A week ago, I went to see my ocular immunologist, Dr B, up in Baltimore. I was consulting with her on the matter of a cataract I have developed in my right eye, as a result of prolonged use of steroid eye drops to treat the eye inflammation my cancer drugs brought on. (Currently, when I need to see clearly, I am closing my right eye.) She has a lot of experience operating on patients just like me who are dealing with eye conditions as a result of drug therapy or autoimmune conditions (I seem to fall under both of these categories, because I am actually that special).
Dr. B is also expecting a baby. She’s stopping work at the end of October for a few months. So I get to decide if my cataract is urgent enough to operate on right now, or whether it can await the end of maternity leave. Also, I get to decide whether having cataract surgery makes sense given the number of floaters I have in my eyes (also courtesy of all the inflammation). Dr. B warned me that after the operation, my eyesight will improve, and that will bring the floaters into sharper focus. I’m already swatting at them thinking they are mosquitoes. I can’t imagine how much worse that might get if I suddenly see their contours more clearly. I have a checkup with Dr. H (my local retina guy) next week. I’ll see what he says. He has mentioned in the past that there is a procedure called a vitrectomy that can help with floaters. It involves removing the vitreous membrane from your eye and replacing it. That sounds simultaneously cool… and also not at all anything I’d ever want to deal with. What I wish I qualified for is a complete eye transplant. A reset. (Unfortunately, Nurse Practitioner K told me long ago that cancer patients don’t get donated organs.)
So here I am. No more cancer. Other problems cropping up here and there to challenge my everyday existence. Also, certainty that I am lucky to be here having these problems I have. When I got home from my scans, J. had made me a delicious meal to break my fast.
It was a not-so-small, good thing. Then Young A showed up and I hugged him as my good scan results came through and I thought, but did not say, “I get to keep being your mom.” Young J texted me from drum line practice and when I told him my results, he replied, “Yay!”
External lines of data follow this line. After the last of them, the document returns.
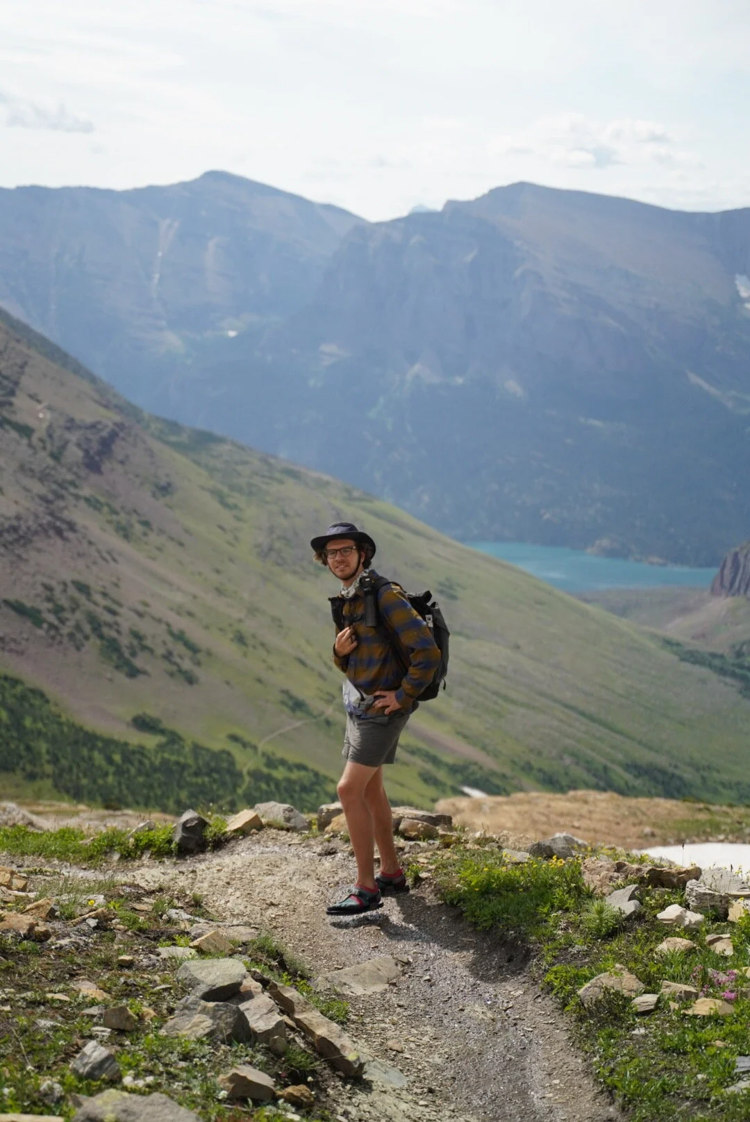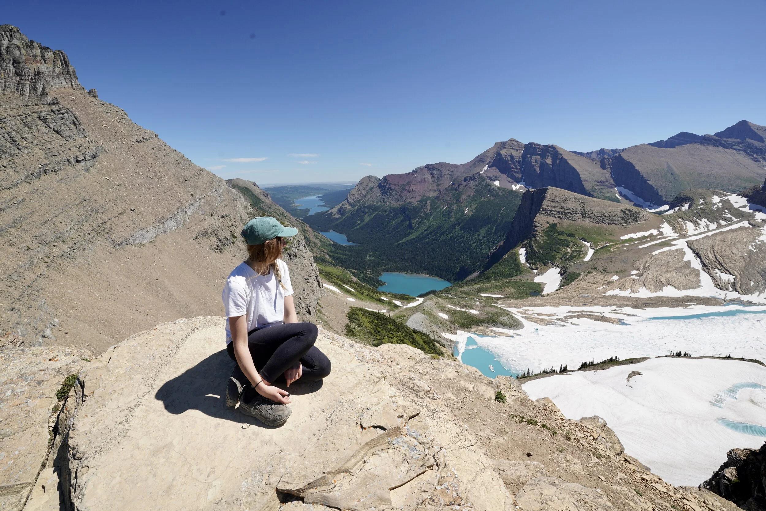 Past this section, the trail provides stunning views of the mountains and continues up over a mountain pass. At about 7 miles in, you'll intersect with the Garden Wall Trail, which you will take to get to Grinnell Glacier Overlook. This last section of the trail was the hardest for us because it was super steep. In less than a mile, you ascend over 900 feet. The view from the top is 100% worth it. From the overlook, you look down on the beautiful Grinnell Glacier and a string of glacial lakes.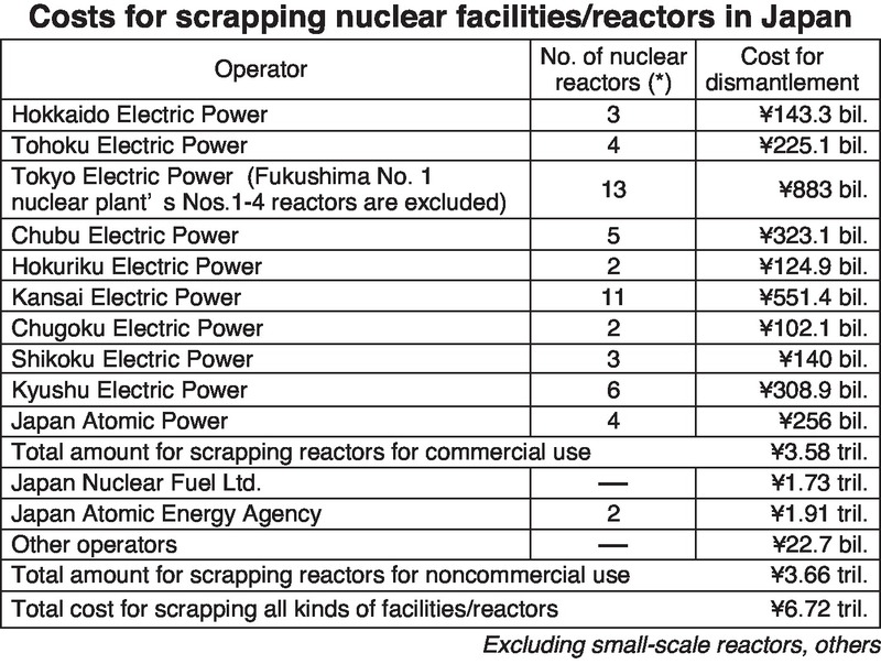 The total cost for scrapping the nation's nuclear power facilities -- excluding Fukushima No. 1 nuclear power plants and other facilities under construction -- is estimated to be about 6.72 trillion yen, according to a tally by The Yomiuri Shimbun.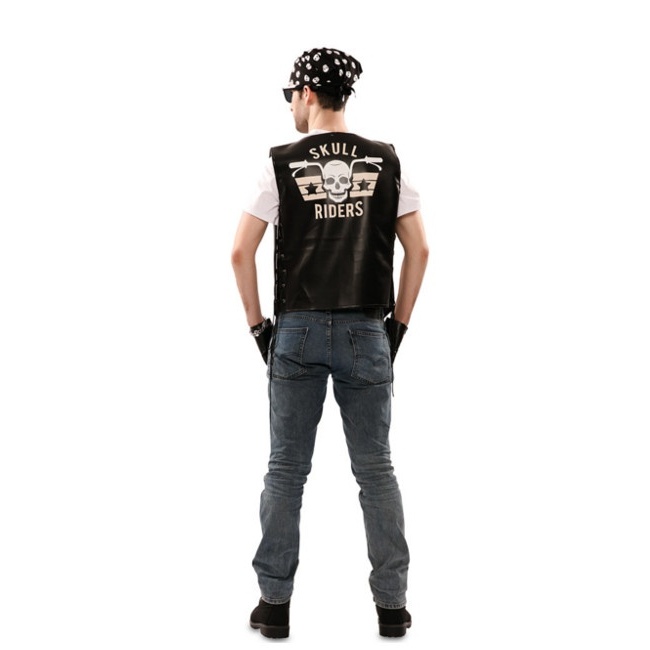 Das realistische Kostüm besteht aus einem Stofftuch mit dekorativem Totenkopfmuster und einer schwarzen Kunstlederweste mit verschiedenen Abzeichen und Emblemen, die mit einem Haken- und Ösenverschluss versehen ist. Ergänzt wird es durch Handschuhe, die Leder imitieren und mit silbernen Nieten verziert sind.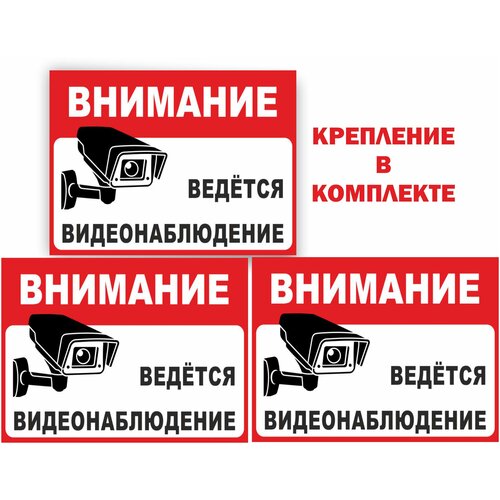 Комплект Табличка на дверь 15х20 3шт внимание ведется видеонаблюдение УФ-печать ПВХ 4мм Рекламастер / информационная табличка декоративная наклейка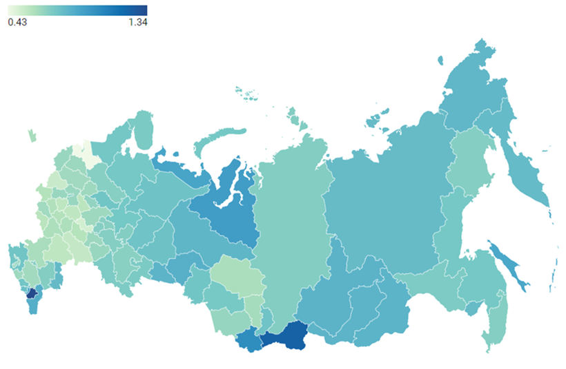 Рис. 2. Специальные коэффициенты рождаемости в регионах РФ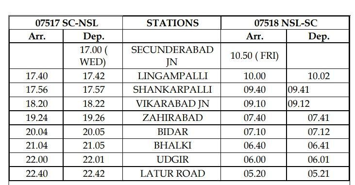 07517 सिकन्दराबाद से दिनांक 17 अप्रैल 2024 से 29 मई 2024 तक, प्रत्येक बुधवार को नागरसोल के लिए रवाना होगी और वापसी में 07518 नागरसोल से दिनांक 18 अप्रैल 2024 से 30 मई 2024 तक, प्रत्येक गुरुवार को सिकन्दराबाद के लिए रवाना होगी।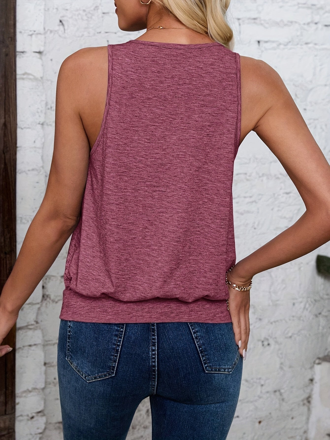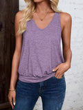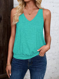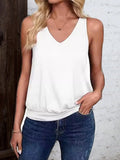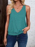 Sale Solid Color V Neck Tank Top, Casual Sleeveless Top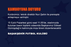 伊斯坦布尔俱乐部已与主教练沙欣原则上达成协议。双方签约仪式将于当地时间9月15日(星期一)上午11点在俱乐部体育场新闻发布厅举行,俱乐部主席戈克塞尔-古姆什达格将出席签约仪式。

I am not living the dream, but I am living a dream, a dream perhaps also once dreamt by all the people responsible for developing the drugs that got me this far, all the investigators and all the participants in clinical trials and the technicians and the clerks and the people who clean the research labs and thousands more people I’m not even thinking of. To all of them, thank you. It is a good dream to be having.